The word pedant is possibly one of the more relevant words used by Mr Lineker during this season newly packaged and intellectual Match of the Day.
ped·ant (p<뺌ᶔ> d nt)
1. One who pays undue attention to book learning and formal rules.
2. One who exhibits one’s learning or scholarship ostentatiously.
He used “pedant” to describe those , often found in dark corners of pubs, who would pore over the data – in this instance league tables – and not accept an outcome until all possible other permutations are exhausted. Hull City had just enough games left to earn the points to stay in the Premiership, but the commentary team were right to say they were going to be relegated on past form. The pedant at this stage would be arguing the mathematics.

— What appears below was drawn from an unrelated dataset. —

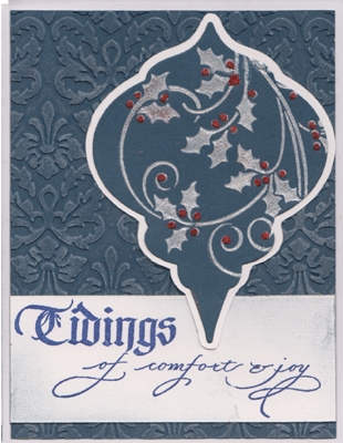 ID: LJ731 1 Xmas ornament - Tidings I used Kassie's Brocade folder on a dark blue cardstock, fingered with white pearl Metallic Rub Ons and layered onto a white card. Added red micro fine glitter on the berries. Sponged a bit of blue metallic Rub Ons on the corners of the sentiment piece. |

After todays events, the compromise agreement between Rafael Benitez and Kop Holdings Limited (the rather patronising name for Liverpool FC) the pedant could move on to discussing the results he gained and the level of success he achieved. You may even get a cost benefit analysis, a topic that doesn’t seem to interest Roman Abramovich, who has spent £700m trying to win a Champions League with Chelsea.
The more frequently used definition of the word pedant is the second one, to describe someone who flaunts their knowledge. Which takes us back down the pub….
Watch out for the question from your local pedant during the World Cup about the only team to not lose a game and yet no win, or in fact qualify for the second stage of the competition…….the answer?……sorry just being a pedant!